What you have to do ▸ Your output should be the exact lines from the start of the data through the line containing "Несмотря на открытый", with no pictures.

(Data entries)
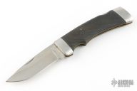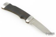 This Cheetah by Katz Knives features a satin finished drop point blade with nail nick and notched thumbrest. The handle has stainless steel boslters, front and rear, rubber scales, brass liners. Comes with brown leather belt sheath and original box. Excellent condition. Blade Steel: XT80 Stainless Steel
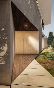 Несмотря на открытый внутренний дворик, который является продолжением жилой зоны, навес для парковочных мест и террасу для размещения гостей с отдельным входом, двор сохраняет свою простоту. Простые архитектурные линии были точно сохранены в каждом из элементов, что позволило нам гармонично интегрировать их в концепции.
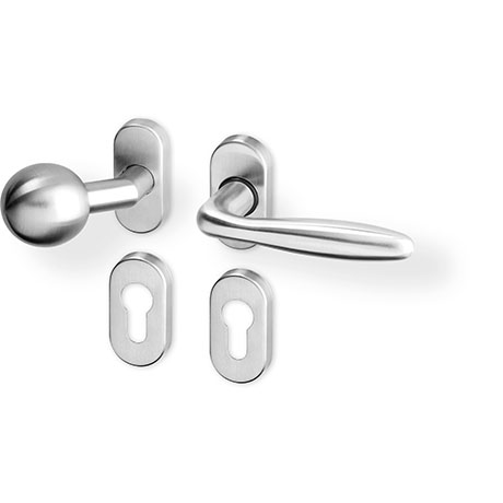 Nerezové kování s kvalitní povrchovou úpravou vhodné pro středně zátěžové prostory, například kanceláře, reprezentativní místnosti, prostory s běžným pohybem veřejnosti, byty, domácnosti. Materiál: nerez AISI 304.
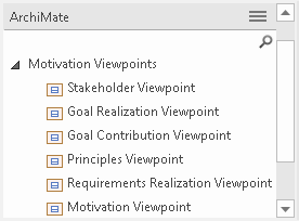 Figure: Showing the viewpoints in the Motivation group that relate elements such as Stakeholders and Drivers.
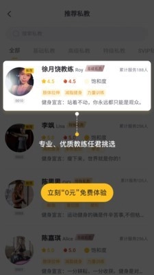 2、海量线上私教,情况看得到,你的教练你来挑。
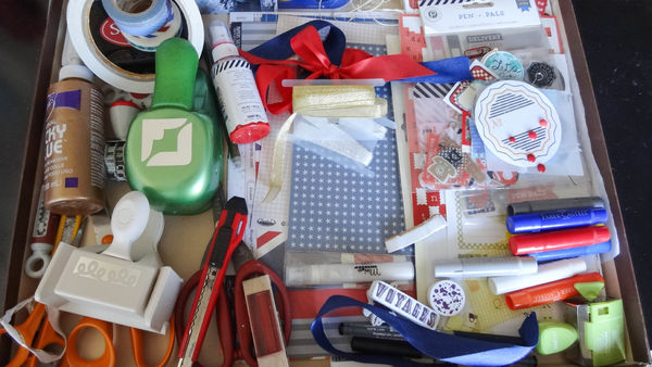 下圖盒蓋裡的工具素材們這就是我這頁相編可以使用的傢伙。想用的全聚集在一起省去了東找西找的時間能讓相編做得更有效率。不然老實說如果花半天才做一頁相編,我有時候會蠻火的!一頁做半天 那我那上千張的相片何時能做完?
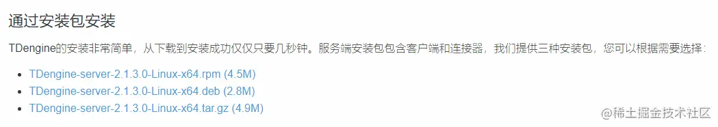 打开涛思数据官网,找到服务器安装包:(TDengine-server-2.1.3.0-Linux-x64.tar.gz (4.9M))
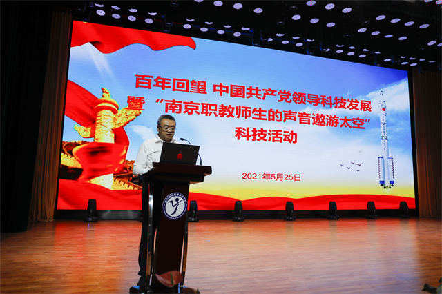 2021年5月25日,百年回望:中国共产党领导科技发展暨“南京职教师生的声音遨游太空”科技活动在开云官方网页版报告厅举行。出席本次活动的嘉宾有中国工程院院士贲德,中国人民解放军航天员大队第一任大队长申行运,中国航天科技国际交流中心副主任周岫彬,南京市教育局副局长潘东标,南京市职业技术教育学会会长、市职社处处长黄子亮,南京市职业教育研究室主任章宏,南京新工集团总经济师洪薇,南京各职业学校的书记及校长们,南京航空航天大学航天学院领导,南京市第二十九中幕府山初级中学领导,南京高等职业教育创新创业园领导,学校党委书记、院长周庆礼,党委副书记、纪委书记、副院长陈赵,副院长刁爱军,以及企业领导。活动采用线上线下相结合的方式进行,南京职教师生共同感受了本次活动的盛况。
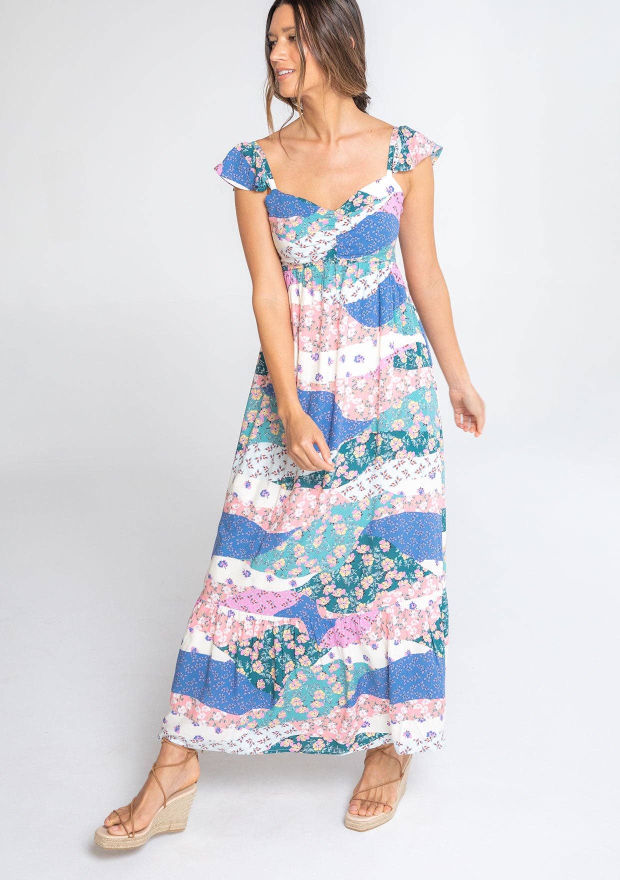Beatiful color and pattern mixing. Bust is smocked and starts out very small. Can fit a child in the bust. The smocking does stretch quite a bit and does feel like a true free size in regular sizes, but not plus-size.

Exercise output ▸
 This Cheetah by Katz Knives features a satin finished drop point blade with nail nick and notched thumbrest. The handle has stainless steel boslters, front and rear, rubber scales, brass liners. Comes with brown leather belt sheath and original box. Excellent condition. Blade Steel: XT80 Stainless Steel
 Несмотря на открытый внутренний дворик, который является продолжением жилой зоны, навес для парковочных мест и террасу для размещения гостей с отдельным входом, двор сохраняет свою простоту. Простые архитектурные линии были точно сохранены в каждом из элементов, что позволило нам гармонично интегрировать их в концепции.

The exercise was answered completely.